In [None]:
# Initialize the KeyBERT model
kw_model = KeyBERT()

# Custom stop words list
custom_stop_words = [
    "jurisdiction", "authority", "organization", "organizations", "authority", "organizational", "nations", "oceans",
    "establishment", "development", "provides", "purpose", "outline", "ocean", "mandate", "doalos"
]

# Function to extract keywords from a document, excluding custom stop words
def keywords_extractor(doc):
    # Extract keywords using KeyBERT
    keywords = kw_model.extract_keywords(doc, vectorizer=KeyphraseCountVectorizer(), stop_words='english')

    # Filter out keywords that are in the custom stop words list
    filtered_keywords = [keyword[0] for keyword in keywords if keyword[0].lower() not in custom_stop_words]

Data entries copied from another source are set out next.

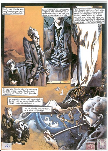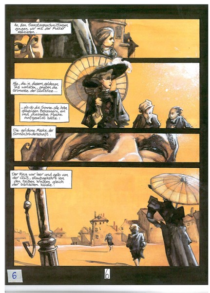Niezbędną w komiksie spójność obrazów osiąga Jüdt za sprawą ukształtowania przestrzeni. Punkt widzenia stale się zmienia, poszczególne rysunki sprawiają wrażenie kadrów filmowych; ujęcia z perspektywy żabiej przeplatają się z detalami: ręką, oczami, przerażoną twarzą: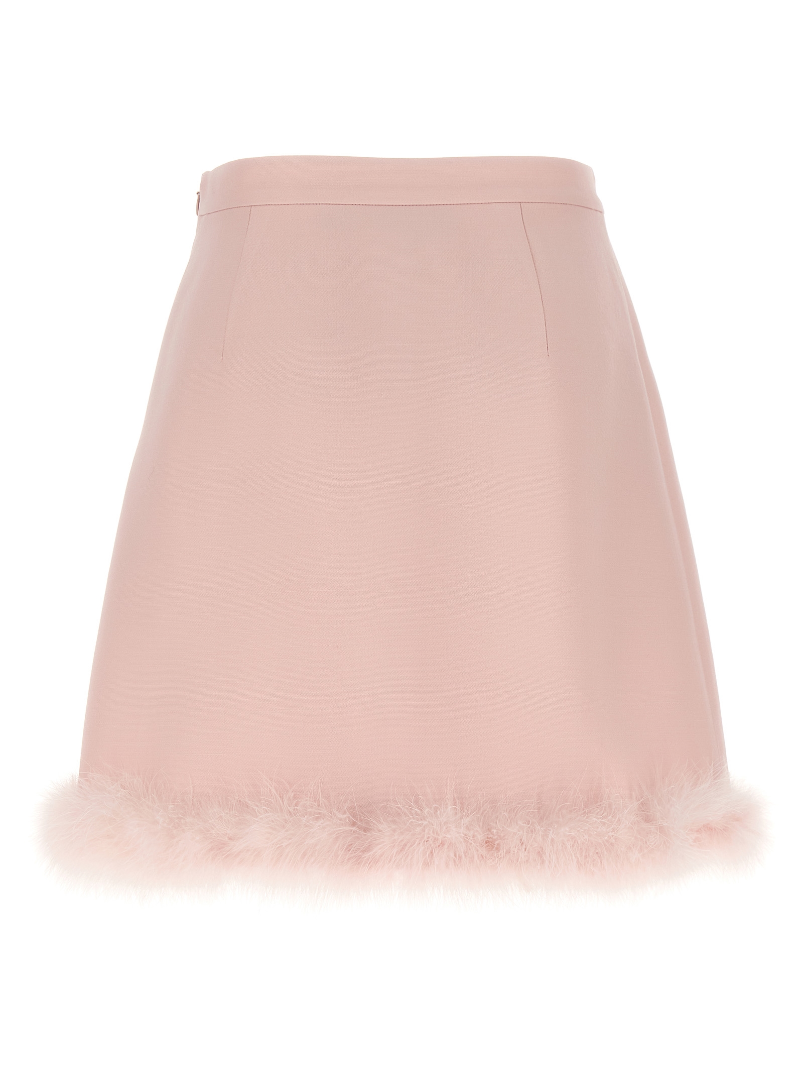 Solid Crepe Couture mini skirt with feather boa on the hem, side zip closure, Fiore, Stripe and VLogo lining in silk blend.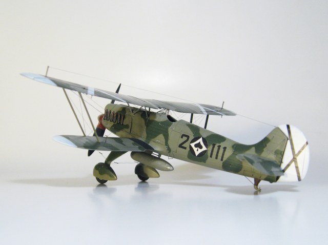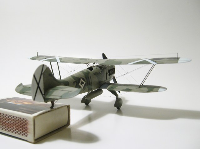 Один из самых сложных этапов- сборка бипланной коробки. Это утверждение справедливо для любой модели биплана, кроме, разве что, И-15, у которого верхнее крыло устанавливается прямо на фюзеляж (тоже когда-то собирал). Родные стойки (и крыльевые, и стойки кабана)заменил на самодельные металлические (сделал из стальной проволоки), т.к. хрупкий пластик не выдержит стачивания до масштабной толщины. Обтекатели на них- из суперклея. Очень непросто было собрать эту конструкцию правильно, без перекосов, но результат себя оправдал- получилось и прочно, и красиво.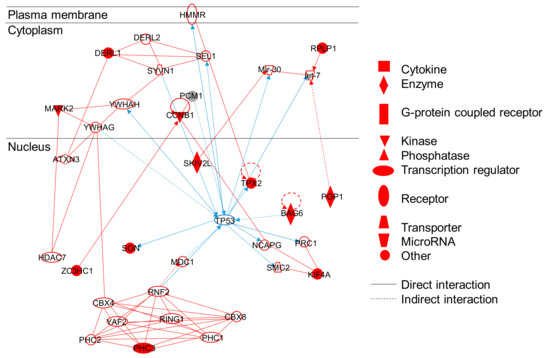 Our analysis highlights the central role of TP53 in these processes, as illustrated by a network identified using IPA (Figure 3). This network focuses on cellular assembly and organization, DNA replication, recombination and repair, and cancer pathways. The phosphorylation of TP53 itself is not shown to be affected, but p53 acts as an upstream transcriptional regulator of several proteins having modulated phosphorylation levels (SKIV2L, TPX2, BAG6, SON, KIF4A, POP1, RPLP1, DERL1, MARK2, ZC3HC1, PHC3). We previously showed that repeated exposure of A549 cells to the same TiO2-NPs as in the present study, up to two months, leads to increased phosphorylation and acetylation of TP53 [49]. This suggests that the TP53 pathway is activated in A549 cells exposed to these TiO2-NPs. Induction of DNA damage and/or apoptosis is known to be related to activation of the TP53 pathway [64,65,66,67,68,69], we show here that these cellular processes are at least partly impacted via dysregulated phosphorylation.

    return filtered_keywords


# Function to extract keyphrases from a document, excluding custom stop words
def keyphrases_extractor(doc):
    # Extract keyphrases using KeyBERT
    keywords = kw_model.extract_keywords(doc, keyphrase_ngram_range=(1, 3), stop_words='english',
                              use_maxsum=True, nr_candidates=15, top_n=10, highlight=True)

    # Extract keywords
    filtered_keyphrases = [keyword[0] for keyword in keywords if keyword[0].lower() not in custom_stop_words]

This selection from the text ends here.